SuperFile is a next-gen file-sharing platform built around a proprietary .super format—secure, trackable, and even revocable.
The team’s mantra says it all: “Unhackable. Trackable. Takebackable.” When I joined as Senior Product Designer, SuperFile was preparing its next milestone: enabling creators and professionals to monetize files without breaking that security promise.
The Challenge

How do you let someone sell access to a file that’s designed never to leak?

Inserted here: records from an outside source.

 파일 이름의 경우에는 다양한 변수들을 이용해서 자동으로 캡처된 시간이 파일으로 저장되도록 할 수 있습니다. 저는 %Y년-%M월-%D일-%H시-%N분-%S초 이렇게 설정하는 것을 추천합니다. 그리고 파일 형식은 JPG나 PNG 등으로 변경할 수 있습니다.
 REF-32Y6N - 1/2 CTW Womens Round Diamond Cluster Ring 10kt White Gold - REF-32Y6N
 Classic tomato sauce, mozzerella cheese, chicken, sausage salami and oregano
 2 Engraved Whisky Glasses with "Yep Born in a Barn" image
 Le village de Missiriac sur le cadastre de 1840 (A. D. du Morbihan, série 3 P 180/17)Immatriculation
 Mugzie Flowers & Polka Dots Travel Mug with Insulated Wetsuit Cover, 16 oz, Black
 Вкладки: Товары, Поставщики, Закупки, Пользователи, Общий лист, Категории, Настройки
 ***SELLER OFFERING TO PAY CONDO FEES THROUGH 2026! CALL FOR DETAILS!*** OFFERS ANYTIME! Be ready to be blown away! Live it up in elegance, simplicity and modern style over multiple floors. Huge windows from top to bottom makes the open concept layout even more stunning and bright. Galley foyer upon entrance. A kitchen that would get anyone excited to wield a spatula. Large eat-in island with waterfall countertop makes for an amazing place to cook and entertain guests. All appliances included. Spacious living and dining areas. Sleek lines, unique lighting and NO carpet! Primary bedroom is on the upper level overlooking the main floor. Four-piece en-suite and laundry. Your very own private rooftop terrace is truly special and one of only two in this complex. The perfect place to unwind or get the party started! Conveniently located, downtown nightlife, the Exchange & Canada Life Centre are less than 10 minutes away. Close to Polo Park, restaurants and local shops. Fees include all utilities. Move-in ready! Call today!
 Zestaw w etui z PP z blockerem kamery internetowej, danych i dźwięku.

We needed a frictionless payment-locked flow one that felt as fast and transparent as normal sharing, but lived up to SuperFile’s zero-trust standards.
Our goals were clear:

  • Seamless Stripe integration that instantly unlocks files after payment

  • Unbreakable access-control logic (no payment = no decryption key)

  • One consistent experience across macOS + Web

  • Preserve “Security at speed” We didn't want a clunky detour or a force to sign up, this should feel so easy the user should be asking why isn't payment like this on every platform?

Role & Scope

My title said Senior Product Designer, but this project pushed me far beyond design.
I acted as Product Designer + Interim PM + Creative Director, bridging strategy, UX, and engineering execution. I partnered directly with the CEO, CTO, and seven engineer. I ran agile sprints, prioritizing tickets in Jira, while aligning design decisions to business goals. Every deliverable lived in Figma (for flows + UI) and Notion (for technical specs + PRD).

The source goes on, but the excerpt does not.